Керби подобострастно усмехнулся.
— Это для вас, милорд. А нашему брату аристократические замашки не по карману.
— Искать купюры в дерьме — действительно не аристократично, Керби, но и грум может быть аристократом, если не захочет стать на колени и копаться в навозе. Даже за десять фунтов. Аристократичность — это самоуважение и благородство…
Энселм намертво запомнил тогда эти слова, они впечатались в память и ум и, как кислота, вытравивили многие его мнения. С тех пор он стал странно безразличен к деньгам, никогда не клянчил их у отца и свёл свои прихоти к мизеру. Он не наклонился бы и за тысячей фунтов, лежи они просто на обочине дороги.

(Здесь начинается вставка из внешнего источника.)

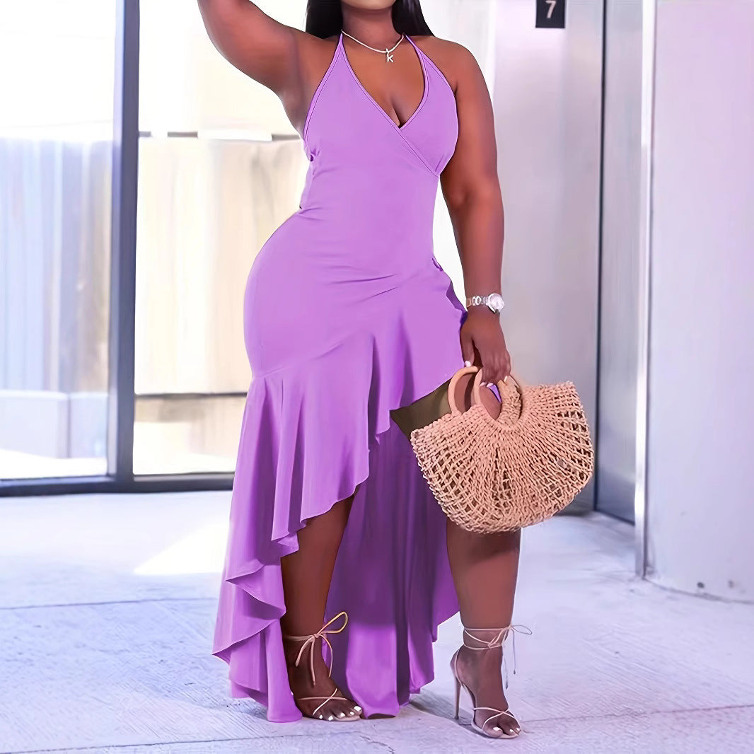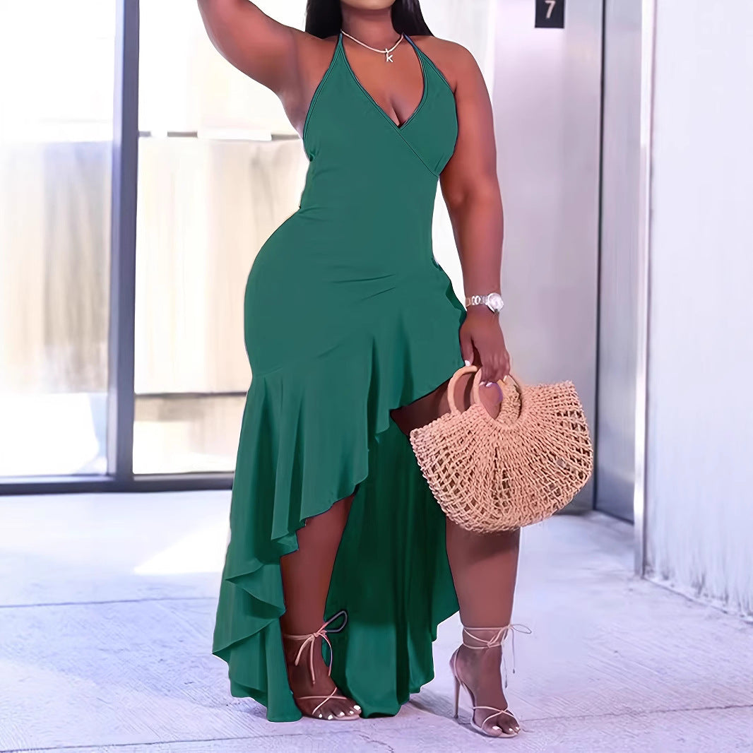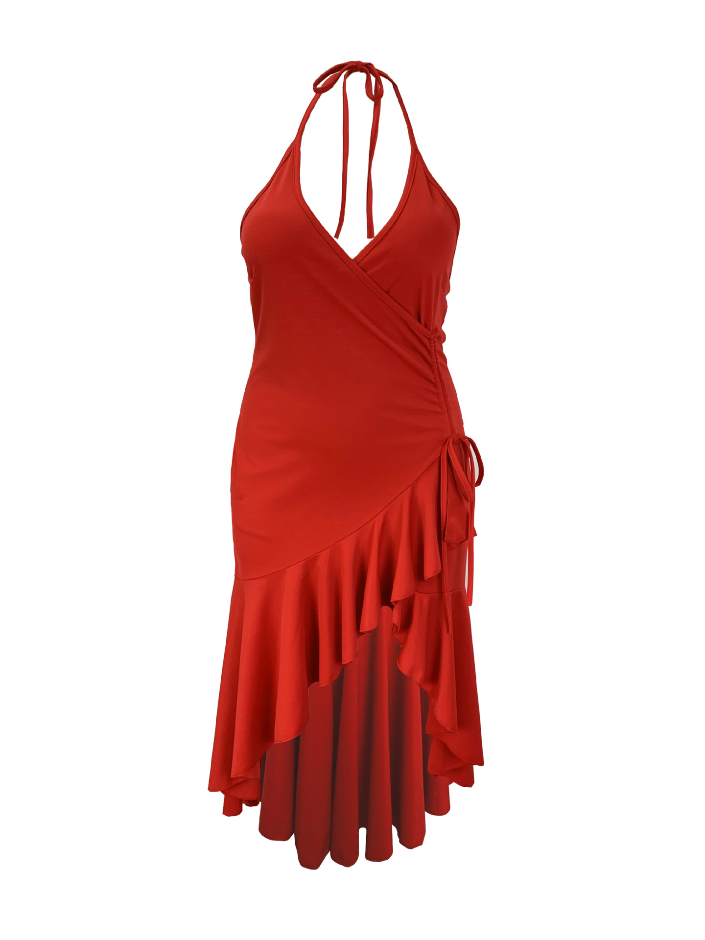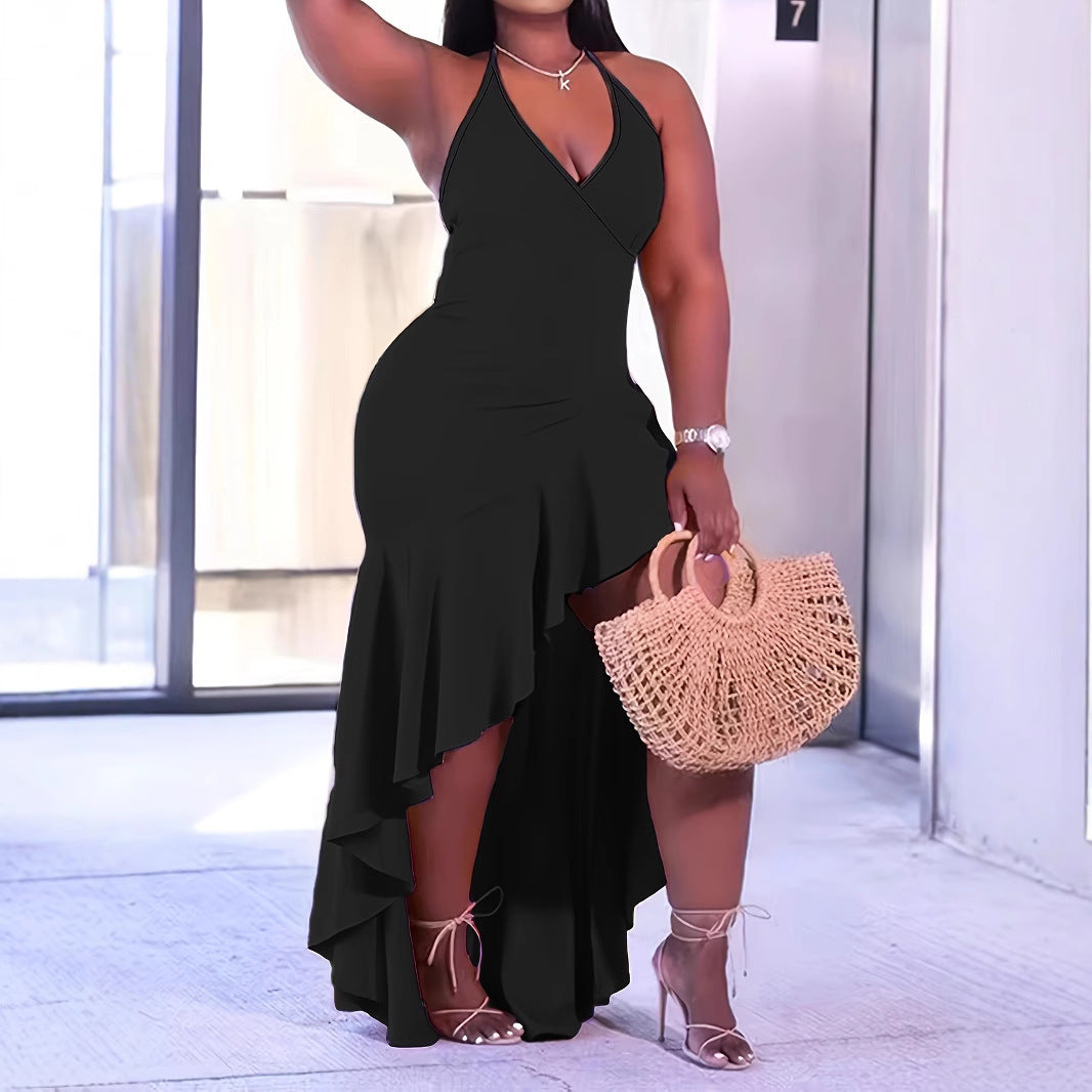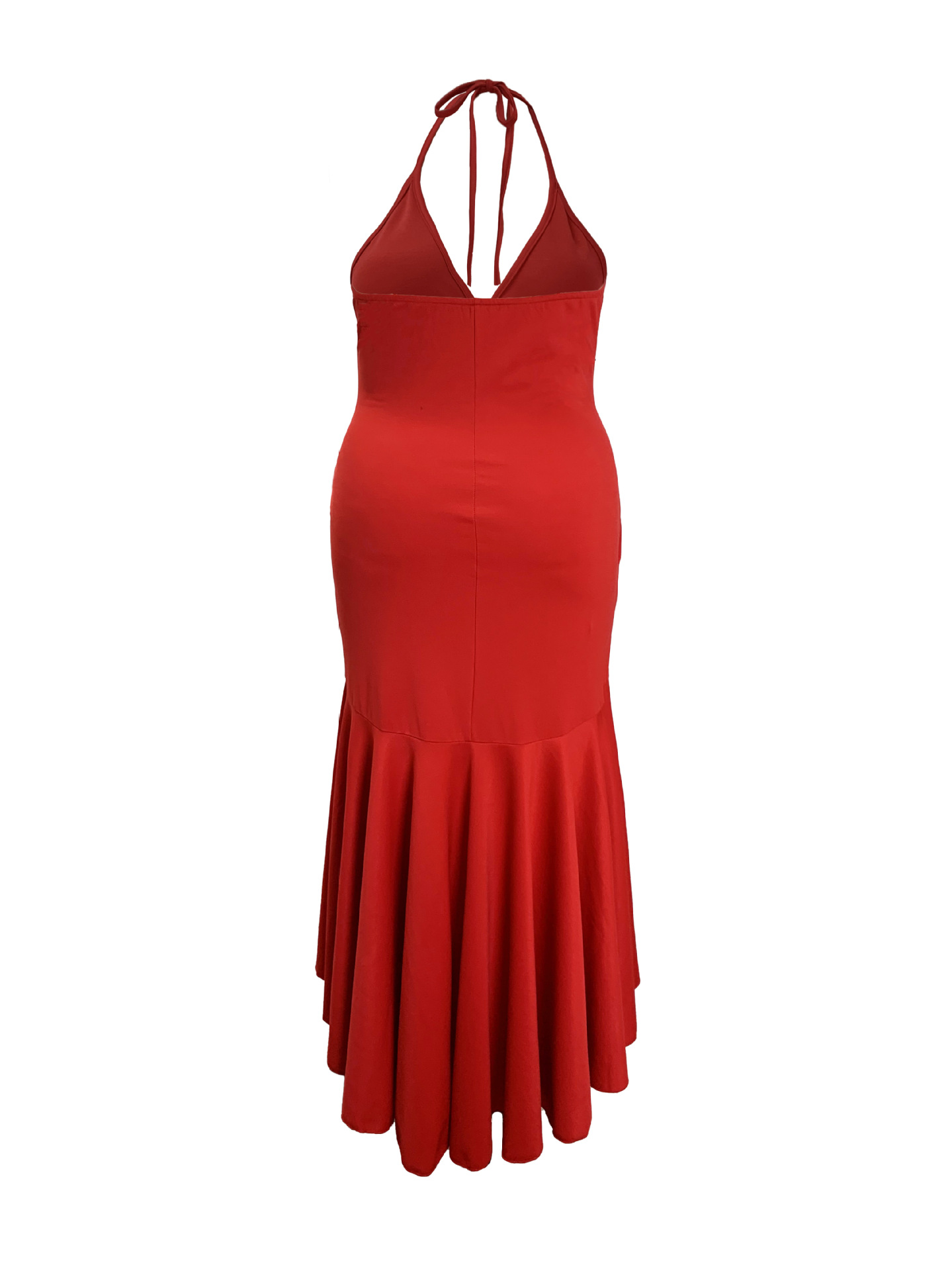 Women Clothing plus Size Sexy Design Bow Cropped Outfit Solid Color Dress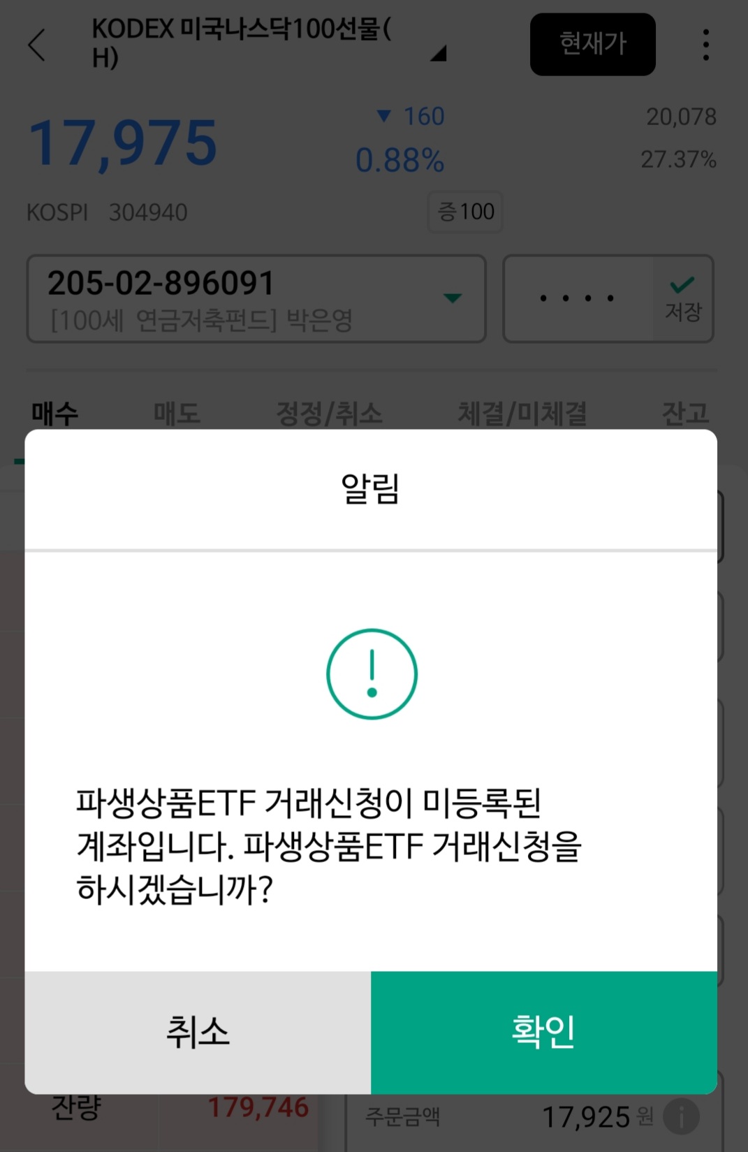 그런데 파생상품ETF는 거래를 신청해야 하네요.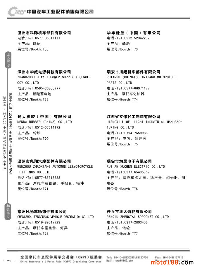 第33屆秋季(南京)全國(guó)摩托車及配件展示交易會(huì)參展企業(yè)名錄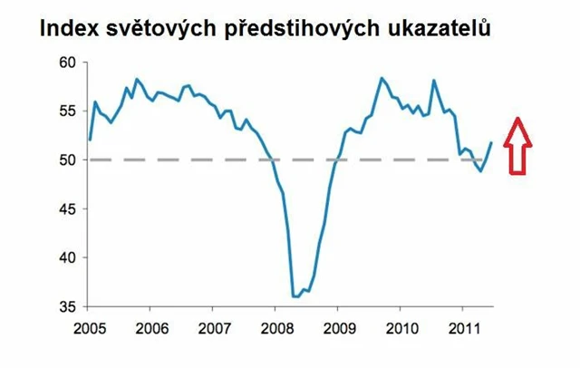 Investoři se v současné době již nebojí další dluhové nákazy v Evropě. Inflace je po celém světě zanedbatelná a po strašidelných scénářích budoucího vývoje ekonomiky, kterých byly v minulém roce plné noviny, se zdá, že globální ekonomická data naznačují solidní oživení. Ilustruje to například graf světových předstihových ukazatelů.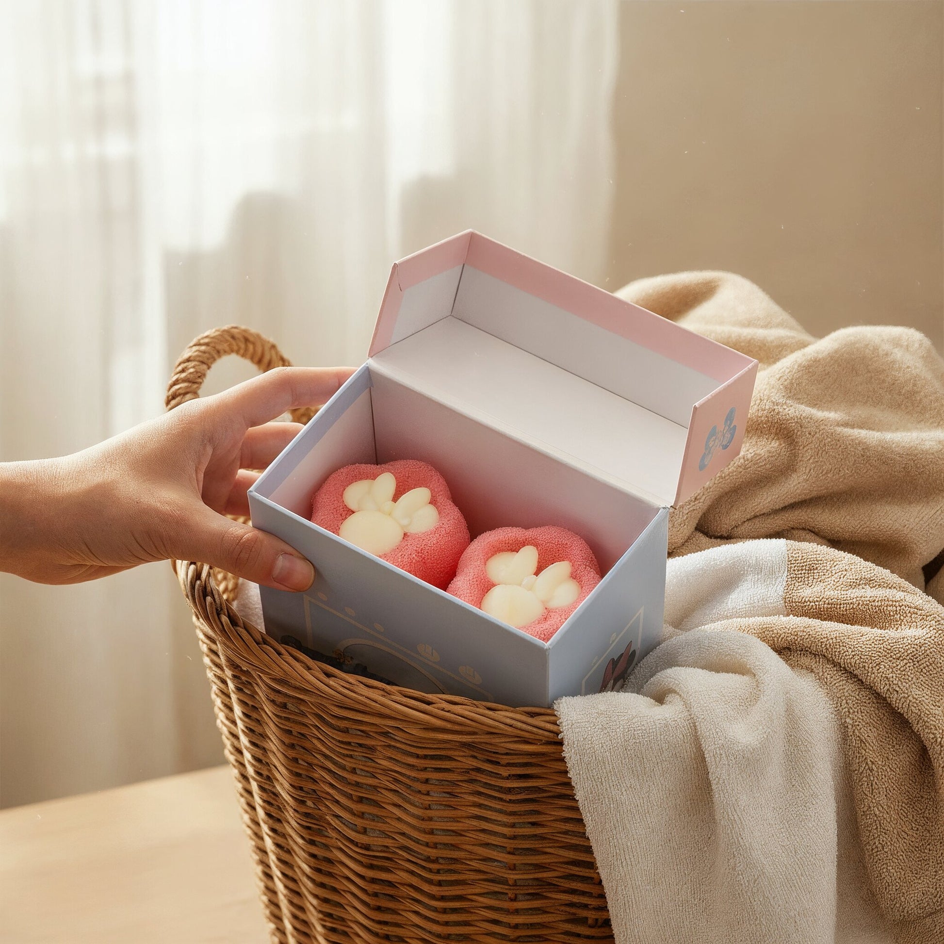 Öffnen Sie sie und entdecken Sie vier Waschbälle mit Minnie-Motiven. Der rosa Schwammteil hat die niedliche Blumenform. Die

Но если аристократичность есть самоуважение, то надо очень своеобразно понимать его, чтобы пользоваться подобными Молли. Разве это не аналог дерьма? Кейтон снова пытался оправдать себя и плотским голодом, и уродством, но в воображении невольно продолжал диалог с братом, мысленно представляя, что сказал бы на это Льюис. «Любой искус, который заставляет пренебречь уважением к себе — он или дьявольский, или плебейский, мой мальчик, а любые оправдания неуважения к себе столь жалки и смешны…»
Да. The cat shuts its eyes when stealing cream. Воруя сметану, кошка закрывает глаза. Кейтон не умел лгать самому себе.
Сам Льюис был удивительным человеком — это Энселм стал понимать только сейчас. Жаль, брат умер столь безвременно. Он и вправду многому научил его, причём, лучшему в нём. В начале тех времён, когда душа Энселма начала волноваться присутствием женщин, и на белых листах стали появляться ножки и бюсты, тесня стихи, и плоть тяготила его, именно брат мог бы остановить его у той грани чистоты, которую он столь бездумно преодолел — и сколь был разочарован смрадом притонов и вульгарностью потаскух… Теперь Кейтон пытался уверить себя, что восстание плоти ещё не есть торжество гениталий над разумом, а суть причуды восприятия душой нежных запахов и томных изгибов женских талий, тонких запястий и хрупких ножек, в нём скорее сила, чем вина… Задыхаясь прикосновеньями губ к сакральным членам, обезумев белизною разъятых ног, где услышать тихий упрёк совести, когда дышит дыханьем твоим безумие? Но он снова покачал головой в тягостной бессоннице. Не лги, распутник, не лги себе. Липкий страх подцепить что-то от одной из этих жриц любви всегда был в нём — и никакое желание над ним было не властно. Он всегда помнил себя.